The best way to understand why we are the way we are today – is to look back at our early childhood and to scrutinize what exactly happened. Just like animals, when we are born, we are placed with our first “herd”. This first herd can be as tiny as a single parent and a child, or it could be huge – like two parents with many children, and grandparents living together. Regardless of the size, we need our first herd for survival. Small children have no problem recognizing family adults as leaders. After all, children are small and fragile while adults are tall and strong – no conflict there.

As a baby, your brain is like a spider-web with gazillions of connections, which are growing every day. This and other phenomena were well-studied by the scientists even back in the 20th century. Our parents did not know about the super-exciting finding the scientists made about children’s’ brains – they emit a special type of electromagnetic waves. That’s right. Waves don’t just happen in microwaves and oceans. Our brains make waves too! In the lab, they hooked up special electrodes to kids’ heads and read these waves with the special device called EEG, and a striking pattern emerged. If it’s a newborn or a toddler up to 2 years of age – you record mostly Delta waves, very slow waves, which occur in adults only when they are asleep. This means that babies before 2 years of age are essentially asleep with their eyes open. And that makes sense – you passively sleep, eat, pee and poop, and learn to walk and play with the objects, under the watchful eyes of your first herd – your family.

If you hook up the same kind of electrodes to the head of a slightly older child – from 2-6 years of age, you will record a completely different picture – mostly Theta waves – the same waves my adult hypnosis patients are giving off. As stunning as it sounds, folks, your 2-6 years olds are walking around in a hypnotic trance. This explains a lot. You often say to a child: “Please pick up your stuff!” ten times in a row, and sometimes have to raise your voice to get your kid’s attention. If we think of our development in terms of survival, the hypnotized brain of the 2-6 year old makes sense.

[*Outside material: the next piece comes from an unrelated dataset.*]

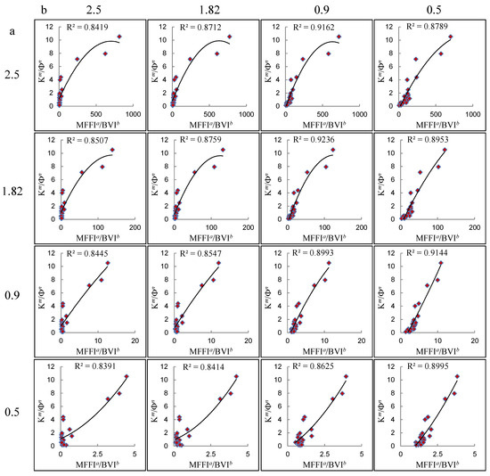 - Regression analysis using the independent and dependent variables of Equation (8), when the optimized m and n values remain constant. The initial values of a and b are given arbitrarily, with the a and b values changing, the optimum a and b values are determined when the correlation coefficient of the power function is the highest.
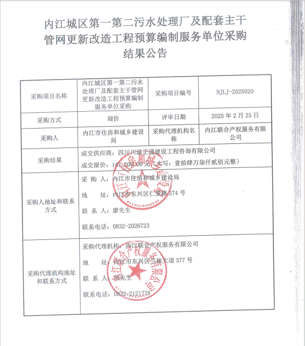 内江城区第一第二污水处理厂及配套主干管网更新改造工程预算编制服务单位采购结果公告

This is when the knowledge and know-how are being transferred from the elderly animals to the youngest in the herd. However, this also means that whatever you teach them from 2-6 years of age, will become so sealed in their deepest parts of the brain, forming a subconscious mind, that no-one and nothing will be able to undo that. These are your child’s first lessons of good versus evil. This is their time to understand kindness versus cruelty, and so much more.

So, your princes and princesses now enter a preschool and all of a sudden, their clustered world undergoes a huge transformation. Now the second “herd” emerges: a pre-school class or a kindergarten class, with a teacher as an adult in charge. Classroom is where teachers rule and your kids instantly sense a new leadership, and their brains adjust to accommodate to this new half-day or full-day authority. When we were growing up, there were few day care opportunities, and we used to spend much more time with our first herd – our family, than today’s kids.

Equipped with these findings about children’s brain development, which our parents did not know, we can ask ourselves as parents or grandparents: Is a “secondary herd” (a babysitter, a kindergarten, or a school) teaching my 2-6 year old child or grandchild the right things? After all, they are molding my child’s hypnotized brain most of the day, five days a week. Do I like what information my child is exposed to?

The information which populates these young brains at this critical stage in development will determine much of their future choices in life. In my practice, one of the consequences I have to deal with in adults is their less than optimal eating habits. Due to the unique property of early childhood brainwaves, it would have been so much easier to instill healthy eating habits in childhood, than to try to build them in adulthood. Naturally, other foundations are being cemented into the children’s brains at this critical age as well: politics, a person’s role in a society, the views on sexes, world view, and just about everything else.

Our parents most likely did not know about the brainwaves of young children, but now that we are equipped with this information, we have to face the hard truth: either we spend more time molding these minds or someone else will.